Die französischen Sozialisten suchen unter acht Bewerbern einen Kandidaten aus, der die kriselnde Partei zur Präsidentschaft führen soll. Ein heftiger Bruderkampf steht bevor.

Von Christian Wernicke, Paris

Nun sind es acht. Sieben Herren und eine Frau, die alle schwören, ein und dasselbe zu sein: jener eine und einzige Held, um den sich Frankreichs zerzankte Linke sammeln und scharen werde. Sie alle geben vor, zum ersehnten Erretter zu werden, der die Sozialisten von ihrem Trampelpfad in den Untergang abbringen und zu neuen Ufern führen kann.
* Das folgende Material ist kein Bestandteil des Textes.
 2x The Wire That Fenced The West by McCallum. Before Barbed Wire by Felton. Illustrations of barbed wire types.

Binnen sechs Wochen will die Partei jemanden finden, der sie aus Siechtum befreit: Dann nämlich, am 29. Januar, kürt die regierende Linke ihren Spitzenkandidaten für die Präsidentschaftswahl.

Der achte Mann heißt Vincent Peillon. Eigentlich, so bezeugen Freunde, hatte sich dieser 56 Jahre alte Schöngeist innerlich längst von der Politik verabschiedet. Der Europaabgeordnete lehrte Philosophie in der Schweiz, schrieb Krimis. Er ward selten gesehen im EU-Parlament. Am Sonntagabend, vier Tage vor Meldeschluss, tauchte er wieder auf. In den Abendnachrichten kündigte der Sozialist an, er wolle das tun, wozu Amtsinhaber François Hollande der Mut fehlte: "Ich werde die Bilanz des Präsidenten verteidigen", sprach Peillon, "denn ich glaube, dass die Franzosen schon sehr bald seine Person und Bilanz wieder schätzen werden."
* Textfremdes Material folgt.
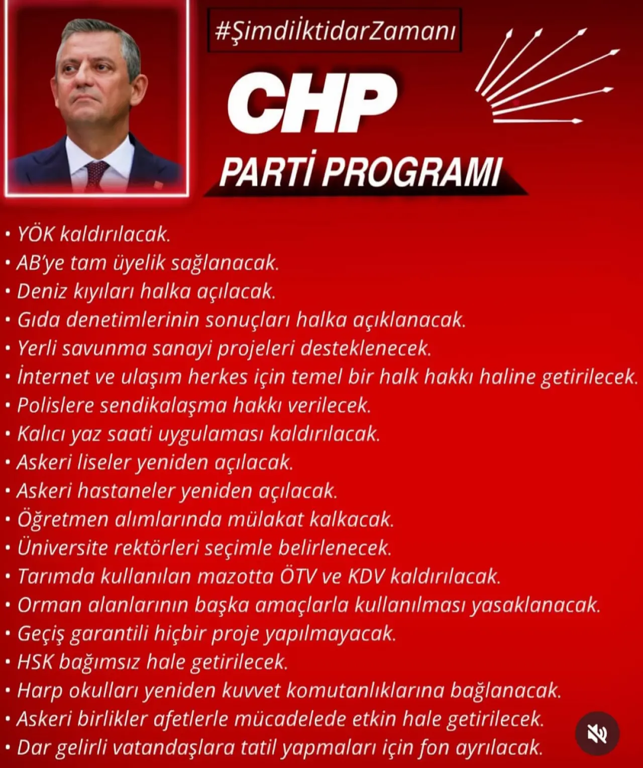 “YÖK kaldırılacak, AB’ye tam üyelik sağlanacak, deniz kıyıları halka açılacak, gıda denetimlerinin sonuçları halka açıklanacak, yerli savunma sanayi projeleri desteklenecek, internet ve ulaşım herkes için temel bir hak hâline getirilecek, polislere sendikalaşma hakkı verilecek, kalıcı yaz saati uygulaması kaldırılacak.

Ein giftiges Gerücht: Peillon will nicht gewinnen, er soll nur einen anderen Kandidaten zerstören

Keine leichte Mission. Laut Umfrage bescheinigen acht von zehn Franzosen (und 51 Prozent aller Hollande-Wähler von 2012) dem Sozialisten im Élysée eine "schlechte Präsidentschaft". Obendrein nährte Peillons Treueschwur gegenüber dem Amtsinhaber ein giftiges Gerücht: Peillon, so hieß es aus den Reihen des bisherigen Vorwahl-Favoriten Manuel Valls, sei von verbitterten Hollande-Anhängern zur Kandidatur getrieben worden. "Dieser Kandidat will nicht gewinnen. Er soll nur einen anderen Bewerber zerstören", raunte ein Freund des bisherigen Premiers. Es gäbe da Spuren bis tief in den Élysée.

Der Palast dementierte prompt. "Im Gegenteil, der Präsident hat sogar versucht, Peillon zu stoppen", beteuert ein Vertrauter. Wie zum Beweis wird nachgereicht, dass Hollande seinen früheren Erziehungsminister Peillon schon vor Jahren als "eine Schlange" identifiziert habe: "Der verrät dich am Ende immer." Dennoch, zu den ersten Unterstützern des achten Mannes zählen etliche Sozialisten, die bisher getreue Hollandisten waren. Es sind Parteifreunde, die Valls nicht verzeihen, dass er Hollande "den letzten Messerstoß versetzt" und in den Rückzug getrieben habe. Und Genossen, die über "Valls den Brutus" twittern: Bloß nicht Valls.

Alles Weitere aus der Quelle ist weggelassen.